While State is 3-3, all three losses now look somewhat understandable given how well Wake, Georgia Tech and Cincinnati have played thus far. And Mike Glennon's performance is actually been pretty good, given the circumstances, so it's hard to pin the three losses on The Decision necessarily. It's all the other stuff--the recruiting, the trend of massive injuries, the insistence on being inflexible on matters like his coordinator's performance or the fact he's got an AD that's eager to revamp the department in her own image--that's bearing down on Tom at the moment.
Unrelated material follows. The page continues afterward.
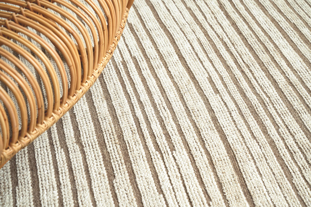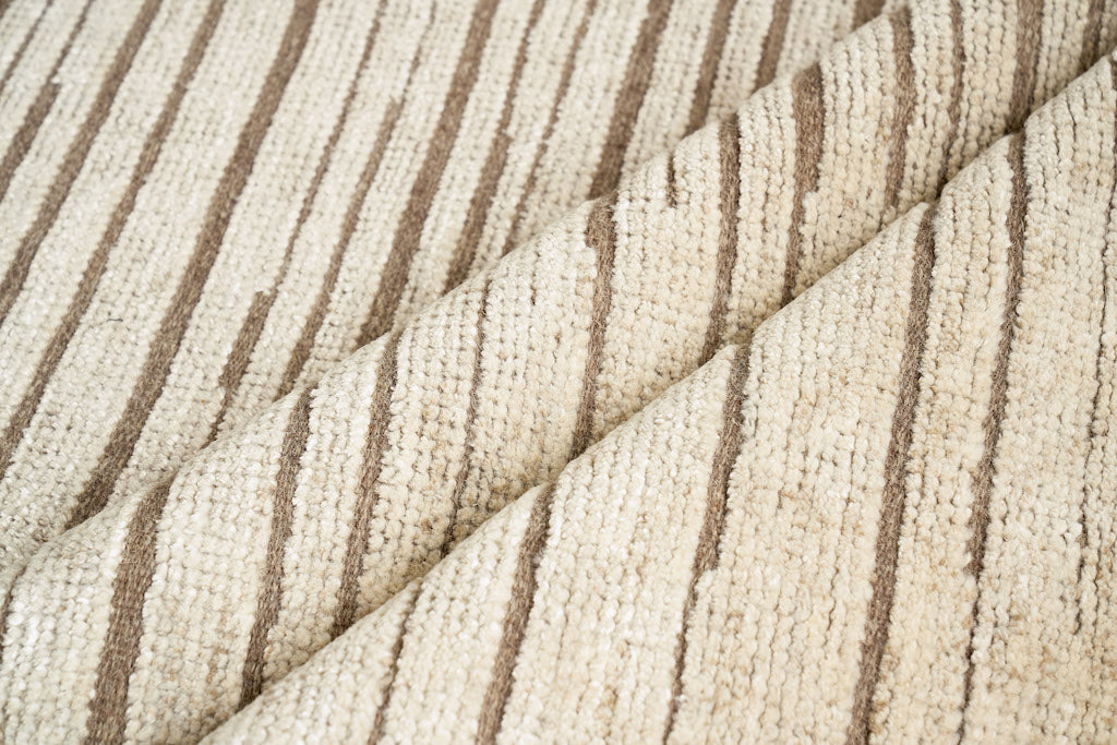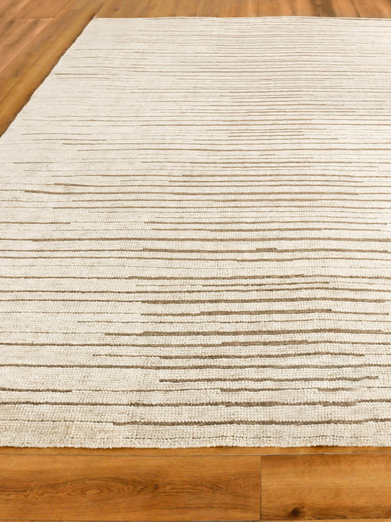 The Eaton Collection offers subtle graphic appeal with its striated mix of colors and incredible texture. Hand knotted with soft wool and bamboo silk, this rug will enrich any space.
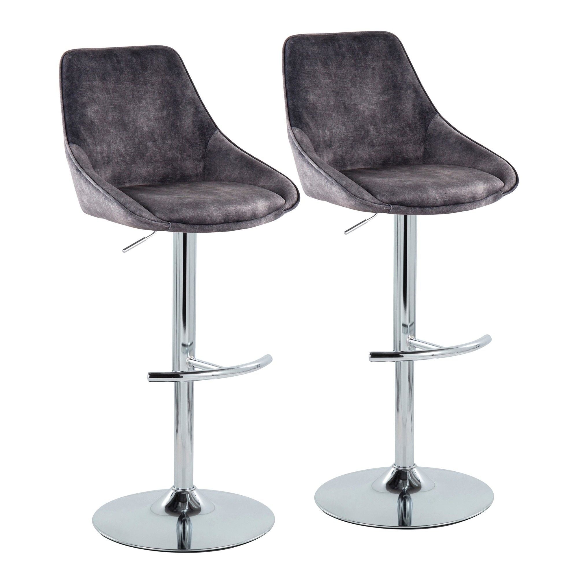 Diana - Adjustable Bar Stool - Chrome With Rounded T Footrest And Gray Velvet (Set of 2)

Honestly, if we don't make a bowl and he retains his job at the end of the year, I'll be surprised.

6. Prediction time. First for Saturday's game, and then for the rest of NC State's season.

I'm horrible at predictions, so I tend to look at what the computer models and Vegas think about the matter and adjust accordingly based on what my gut tells me. Since Vegas has us as nearly six-point underdogs and the computers are in that same neighborhood, my gut--when considering State didn't get any folks of note healthy and back into the lineup and what UVA did to GT--is equally pessimistic. I'll say State 24, Virginia 31.

Thanks beaucoup to James.  Game preview tonight.